Fitting latency models in epidemiological studies

Transcription

Fitting latency models in epidemiological studies
Paper 75011
Fitting latency models in epidemiological studies
Bryan Langholz, University of Southern California, Los Angeles, CA
David B. Richardson, University of North Carolina, Chapel Hill, NC
ABSTRACT
Latency models address important questions about the timing of exposure and subsequent disease risk in epidemiologic
research. However, the non-standard form of such models and the complexity of time-varying exposure histories that characterize
many epidemiologic studies make such models difficult to fit using standard software packages. SAS offers software tools that
can be used to fit “non-standard” latency models. In particular, SAS procedures NLP and NLMIXED provide the flexibility to
specify quite general latency models and maximize the likelihood for latency parameters. While the methods require more
sophistication than using a package or procedure that is specialized to the usual log-linear form, the additional programming
complexity is not great. The methods are illustrated and compared by fitting latency models for radon exposure and lung cancer
mortality rates from a cohort study of Colorado Plateau uranium miners. It was found that the conditional logistic likelihood is
more computationally efficient than the unconditional and that PROC NLP is much faster than PROC NLMIXED.
KEYWORDS: cohort studies, case-control studies, conditional logistic likelihood, epidemiology, general relative risk models,
partial likelihood, PROC NLP, PROC NLMIXED
INTRODUCTION
Latency models are used to describe the change in risk of disease due to a given exposure as a function of time since that
exposure. Characterization of the evolution of the relative risk of disease following exposure to an agent is important for
understanding the long term consequences of exposure. If exposure occurs at a single point in time, then risk as a function of
time-since-exposure is typically estimated directly as the change in disease risk or rate as a function of since that exposure. The
situation can be complex when exposure is protracted such as the case with many occupational and environmental exposures.
For instance, in a study of Colorado Plateau uranium miners, radon exposure in the course of underground mining of uranium
continued throughout a miner’s work life, and varied over time, depending on the mine location and conditions in the mine
at a given time [Archer et al., 1973, Hornung and Meinhardt, 1987, Stram et al., 1999]. Ad-hoc methods for investigation of
latency for extended exposures include estimation of risk as a function of time since first or last exposure.
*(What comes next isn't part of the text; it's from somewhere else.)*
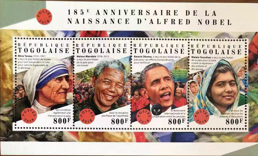 多哥2018年诺贝尔诞辰185周年与诺贝尔奖获得共者(曼德拉'奥巴马'到戈莱兹'马拉拉)邮票小全张

These approaches
are relatively easy to implement but do not characterize the evolution of risk over time. While more sophisticated approaches
based on informative models of latency have been described [e.g., Thomas, 1982, 1988, Breslow and Day, 1987, Langholz
et al., 1999, Hauptmann et al., 2001, Berhane et al., 2008], they have rarely been used, in large part because of they are not
accommodated by standard modeling software. Recently, methods for fitting a quite general class of latency models exploiting
the very general modeling facilities available in SAS procedure NLMIXED were described [Richardson, 2009]. This approach
was based on an unconditional logistic likelihood with “nuisance” strata parameters for age intervals. Even more recently,
methods have been describe to fit conditional logistic likelihoods, including partial likelihoods for proportional hazards models,
using PROC NLP [Langholz and Richardson, 2010]. In this paper, we combine the insights about fitting latency models given
in Richardson [2009] with those about fitting conditional logistic likelihoods described in Langholz and Richardson [2010]. We
show how latency models can be fitted using procedure NLMIXED or NLP using the conditional logistic likelihood and compare
the performance of the unconditional likelihood fitting approach to the conditional by fitting latency models for radon exposure
and lung cancer mortality rates to data from a cohort of uranium miners from the Colorado Plateau.
METHODS
LATENCY FUNCTIONS
Let t be the current age and u index the ages at exposure, with d(u) the dose at age u and w(t − u; α) the latency curve t − u
years in the past that depends on parameter vector α, then the effective dose at age t from an exposure incurred at age u is
d(u)w(t − u; α). The total effective dose at age t, D(t; α), is then given by
X
D(t; α) =
d(u)w(t − u; α).
u
The latency function and latency parameters for a number of latency models are shown in Table 1 [e.g., Thomas, 1988,
Langholz et al., 1999, Hauptmann et al., 2001, Richardson, 2009].
1
Table 1: Some latency functions.
Lag
Piecewise constanta
Splineb
Bilinear
Exponential decay
Log-normal
Weighting function w(v)
I(v ≥ α)
PK
k=1 I(Ck−1 < v ≤ Ck ) αk
PK
k=1 g(v, αk )

 (v − α0 )/(α1 − α0 ) if α0 < v ≤ α1
(α2 − v)/(α2 − α1 ) if α1 < v ≤ α2
 0
otherwise

 (v − α0 )/(α1 − α0 )
if α0 < v ≤ α1
exp(−(v − α1 ) × log(2)/α2 if α1 < v
 0
otherwise
pdf(Lognormal,v, θ, λ)
Gamma
pdf(Gamma,a, λ)
a (C
k−1 , Ck ] are time intervals.
b g(v, α ) are basis functions and α may be a vector.
k
k
Parameters
α
α1 , . . . , αK
α1 , . . . , αK
α0 , α 1 , α 2
α0 , α 1 , α 2
θ, λ
a, λ
The total effective dose summarizes the exposure history into a single value that at each age can be related to disease risk.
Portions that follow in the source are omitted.